__Assignment__
Find the line with "AURORA ხრახნიანი IP69K" in the records below. Output exactly from there until after the line with "بيانات واستفتاءات السيد", without pictures.

__Data to use__

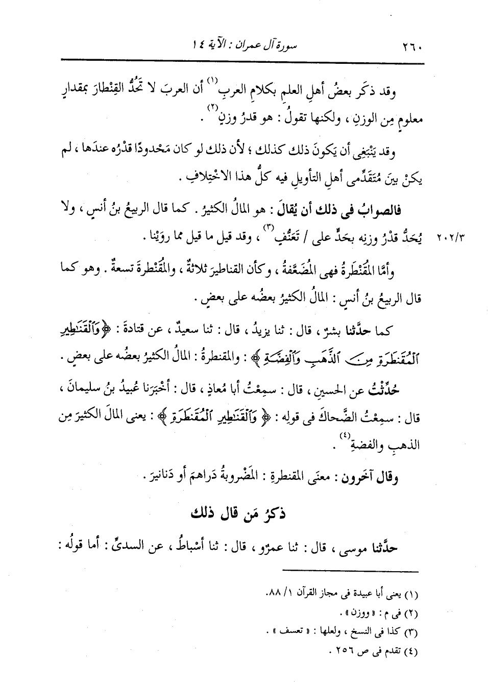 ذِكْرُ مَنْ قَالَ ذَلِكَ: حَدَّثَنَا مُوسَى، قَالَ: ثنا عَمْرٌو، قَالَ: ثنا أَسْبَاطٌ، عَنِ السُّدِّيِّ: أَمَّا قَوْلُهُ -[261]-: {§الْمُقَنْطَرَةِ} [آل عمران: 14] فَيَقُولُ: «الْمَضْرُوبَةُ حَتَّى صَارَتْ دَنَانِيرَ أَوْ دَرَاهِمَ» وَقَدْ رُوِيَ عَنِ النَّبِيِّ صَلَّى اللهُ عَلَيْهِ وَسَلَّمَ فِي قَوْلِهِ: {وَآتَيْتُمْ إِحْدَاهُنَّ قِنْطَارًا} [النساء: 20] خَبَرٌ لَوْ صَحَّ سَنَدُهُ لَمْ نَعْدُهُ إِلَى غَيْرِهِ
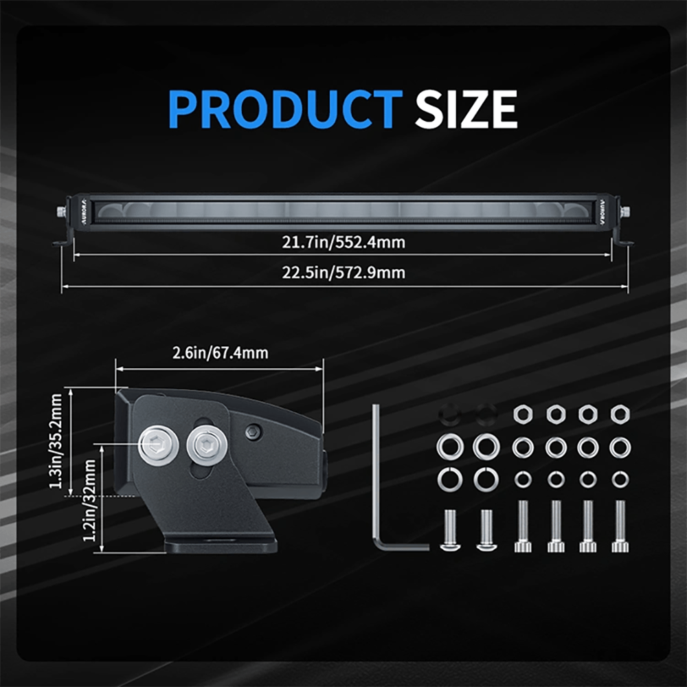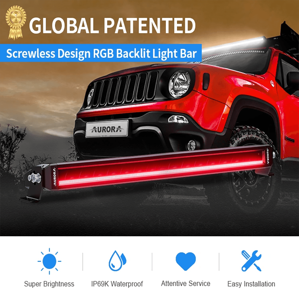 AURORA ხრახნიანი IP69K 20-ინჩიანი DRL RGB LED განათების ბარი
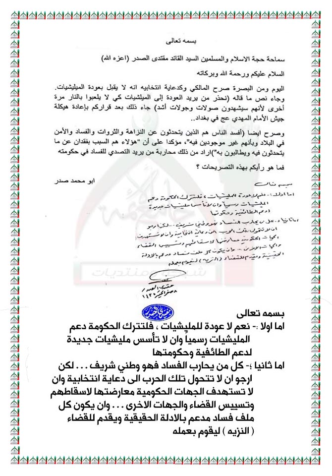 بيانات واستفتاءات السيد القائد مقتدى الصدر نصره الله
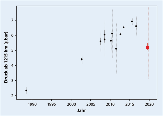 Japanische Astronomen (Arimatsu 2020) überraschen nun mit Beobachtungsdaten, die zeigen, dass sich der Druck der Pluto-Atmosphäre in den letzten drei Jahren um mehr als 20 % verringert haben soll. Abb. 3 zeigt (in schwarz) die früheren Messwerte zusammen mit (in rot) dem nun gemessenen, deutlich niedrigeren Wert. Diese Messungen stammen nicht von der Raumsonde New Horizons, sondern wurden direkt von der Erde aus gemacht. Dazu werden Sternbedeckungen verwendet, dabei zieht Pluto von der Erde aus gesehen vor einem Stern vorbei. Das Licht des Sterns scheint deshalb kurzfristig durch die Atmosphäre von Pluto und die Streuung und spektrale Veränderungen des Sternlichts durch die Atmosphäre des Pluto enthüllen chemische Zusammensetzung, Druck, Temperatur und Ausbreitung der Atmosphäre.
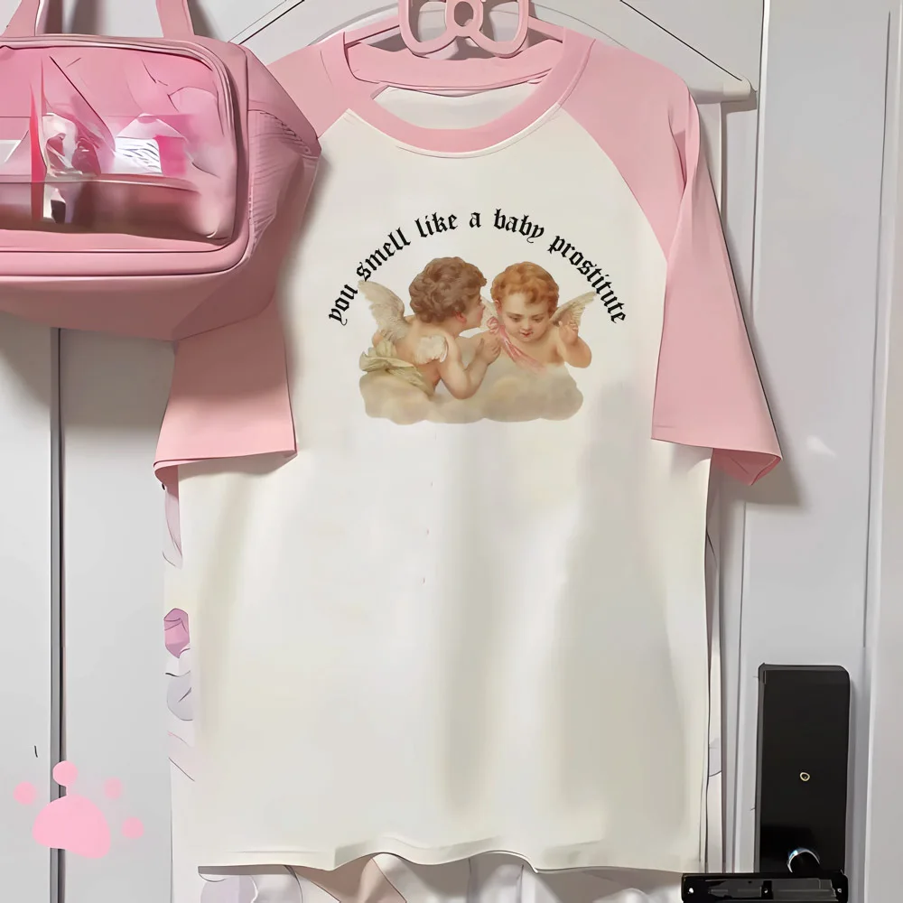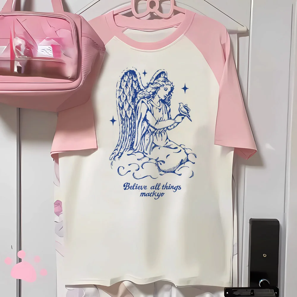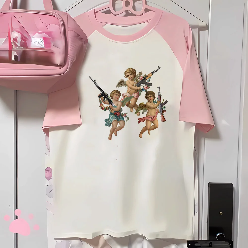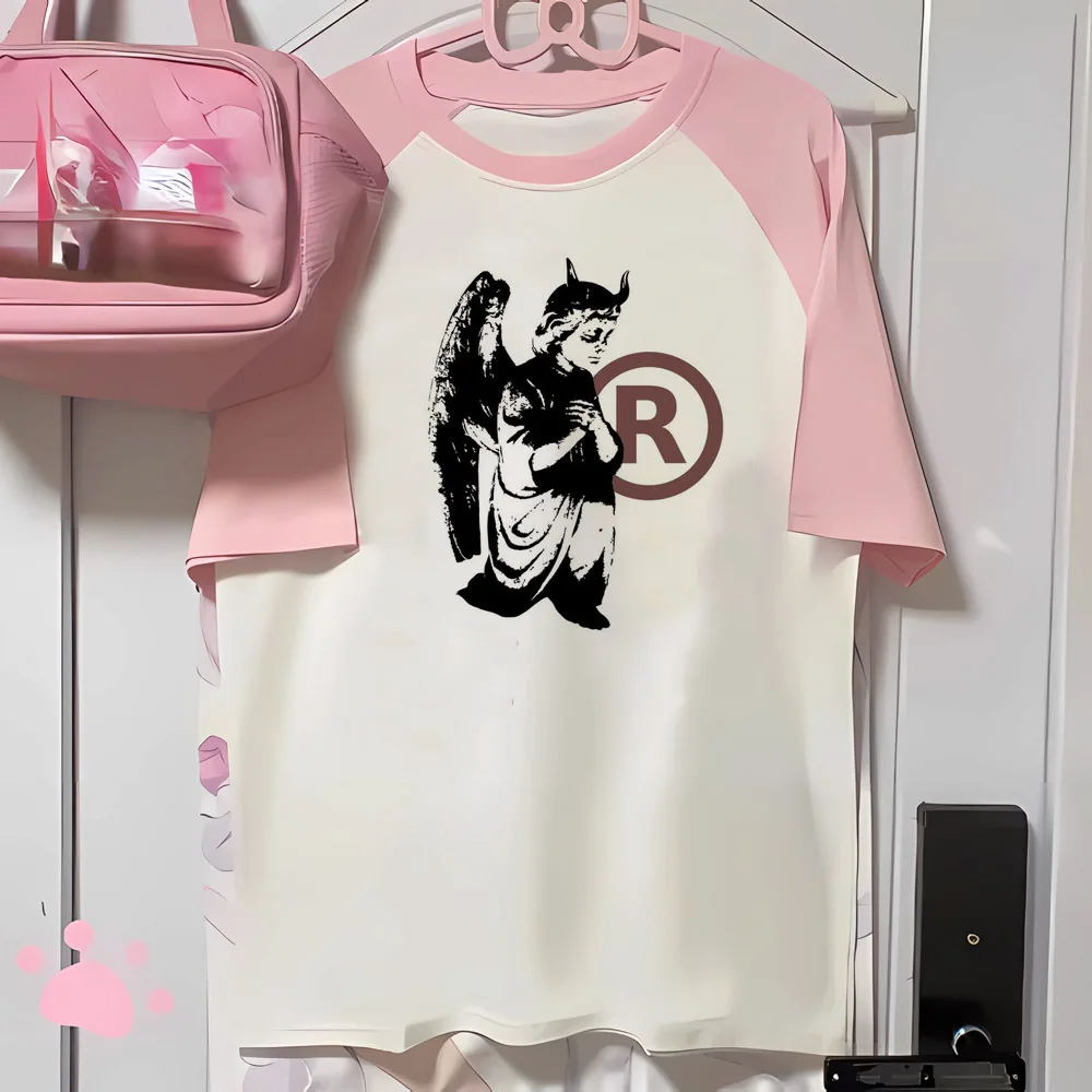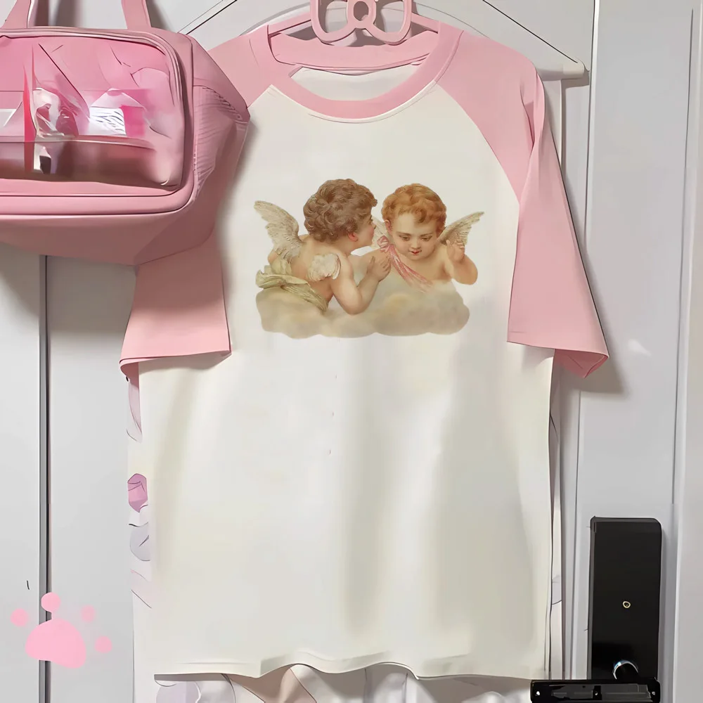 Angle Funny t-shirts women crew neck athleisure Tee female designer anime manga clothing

---

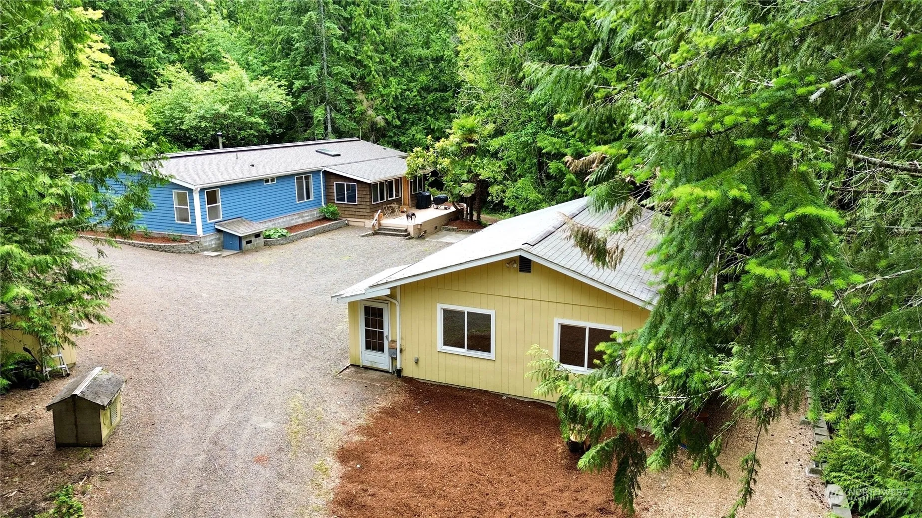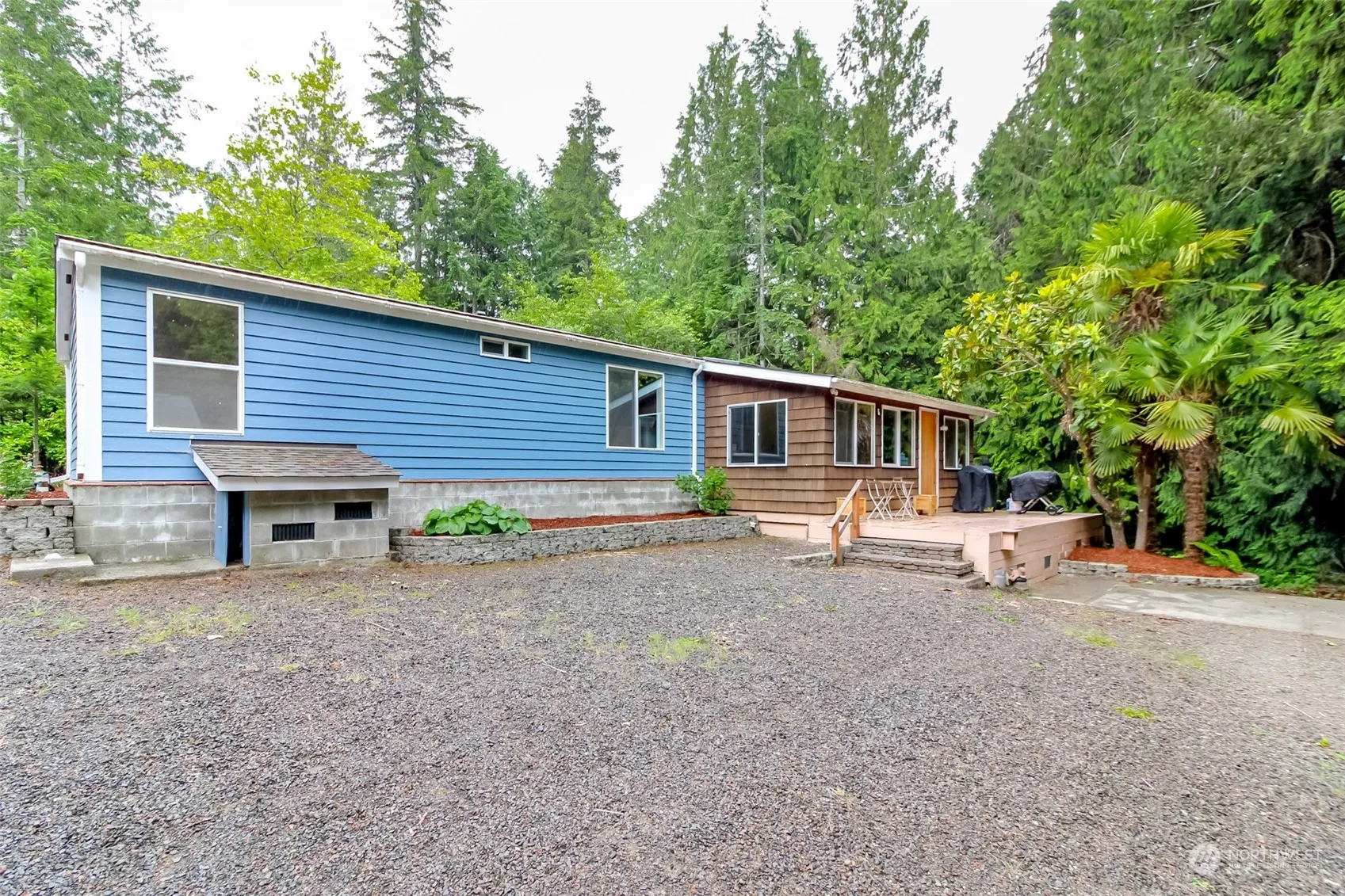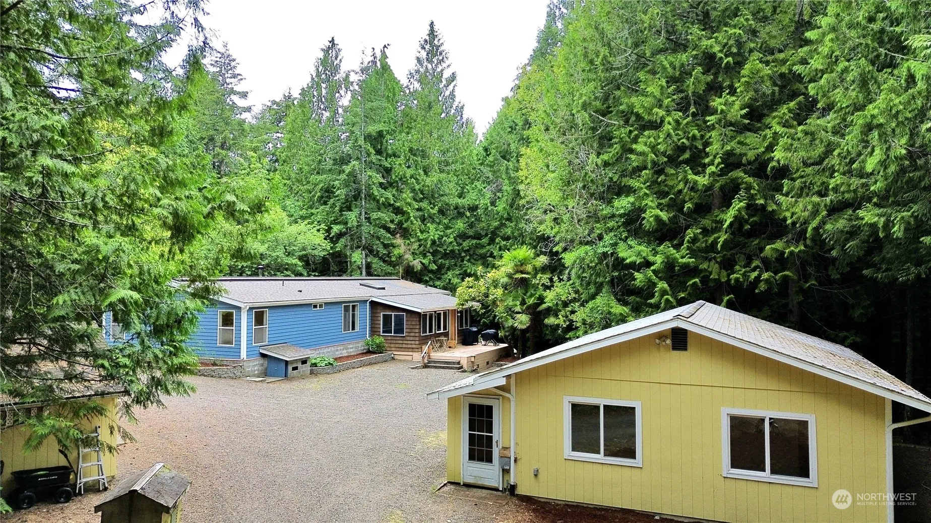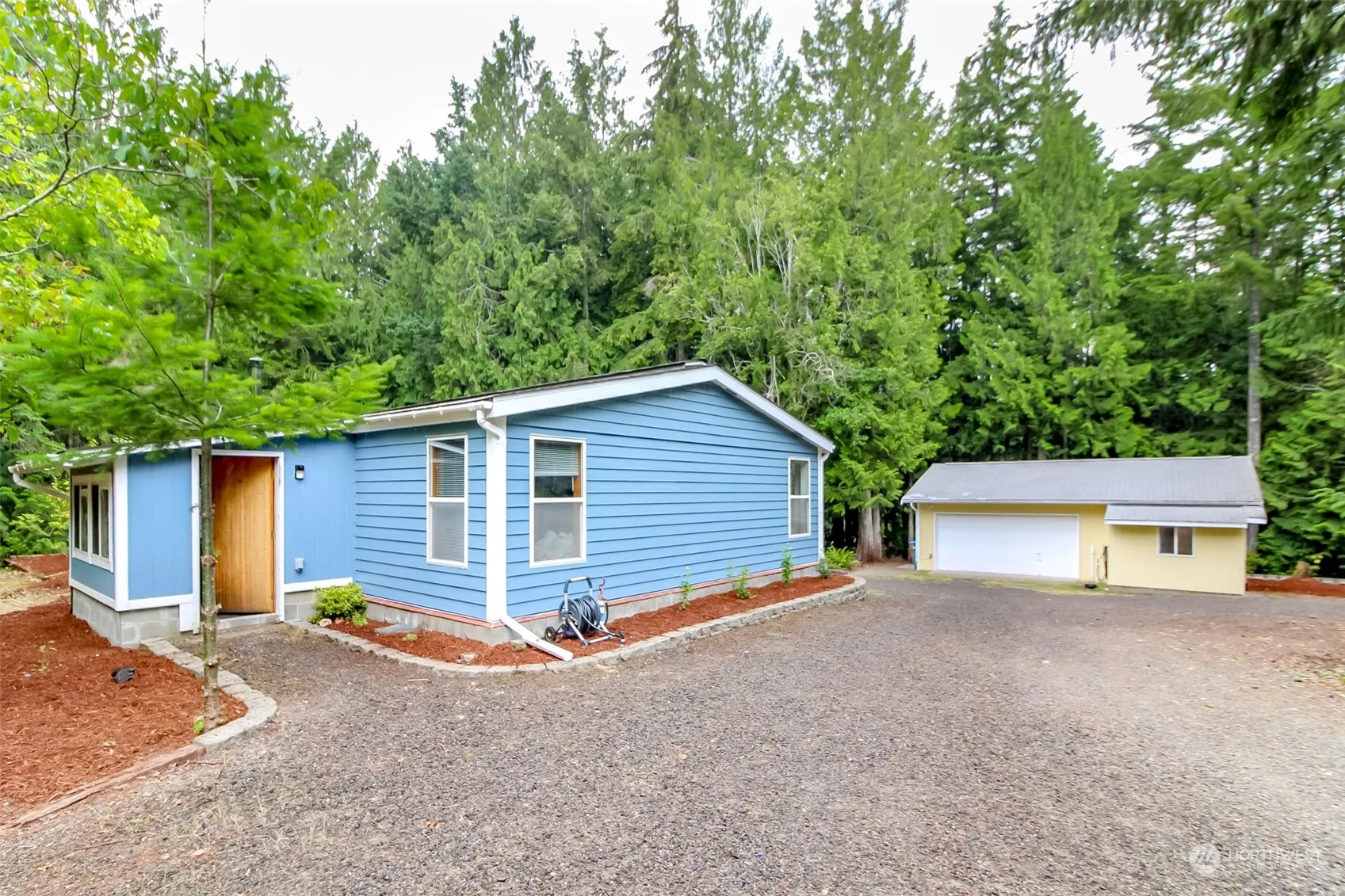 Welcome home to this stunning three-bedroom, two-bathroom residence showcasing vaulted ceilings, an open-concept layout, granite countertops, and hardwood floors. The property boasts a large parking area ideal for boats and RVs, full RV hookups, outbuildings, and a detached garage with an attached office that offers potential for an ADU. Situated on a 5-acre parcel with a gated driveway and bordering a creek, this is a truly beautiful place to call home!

...

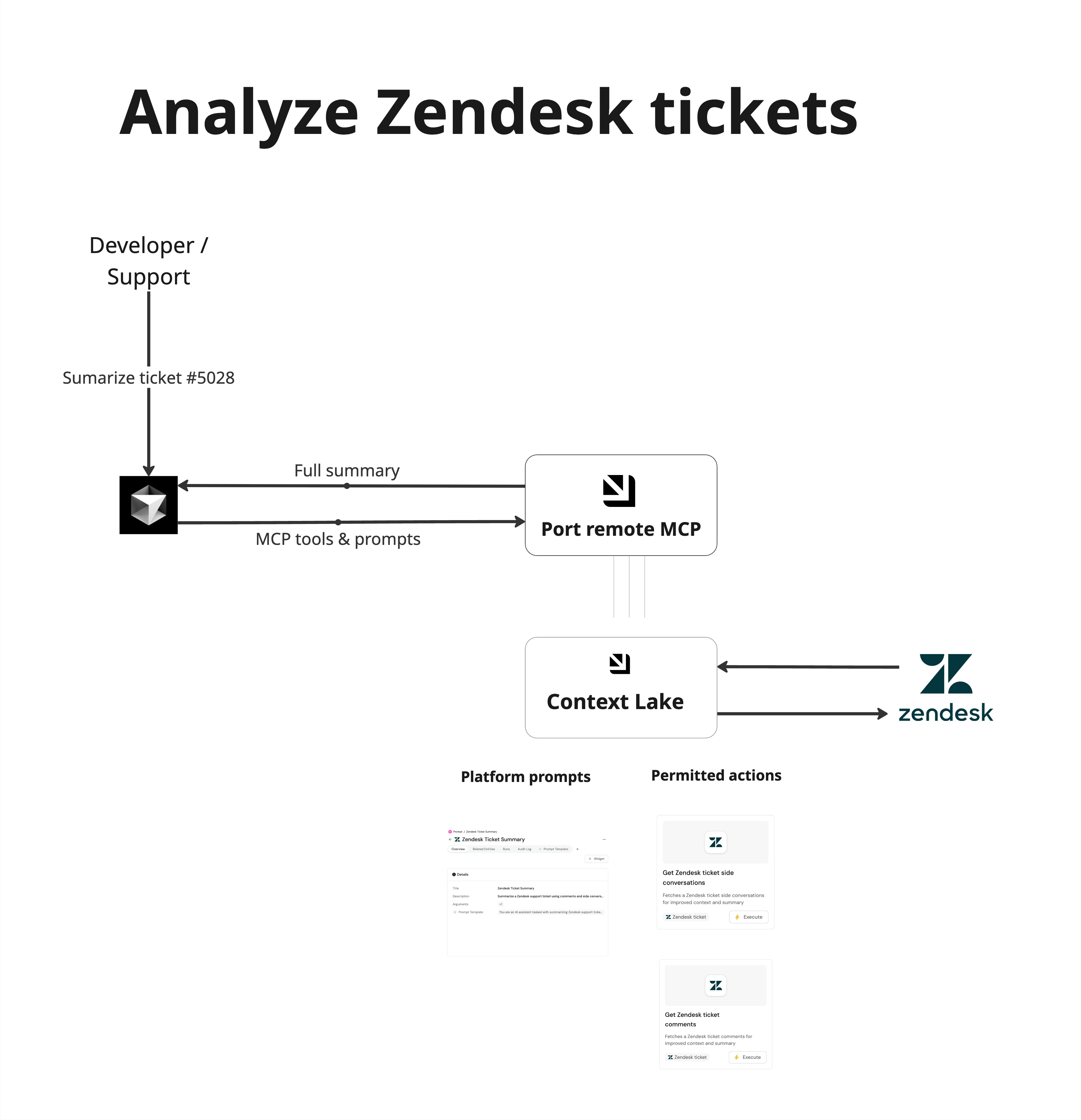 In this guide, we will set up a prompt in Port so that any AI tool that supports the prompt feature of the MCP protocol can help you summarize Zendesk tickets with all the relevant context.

__Solution__
 AURORA ხრახნიანი IP69K 20-ინჩიანი DRL RGB LED განათების ბარი
 بيانات واستفتاءات السيد القائد مقتدى الصدر نصره الله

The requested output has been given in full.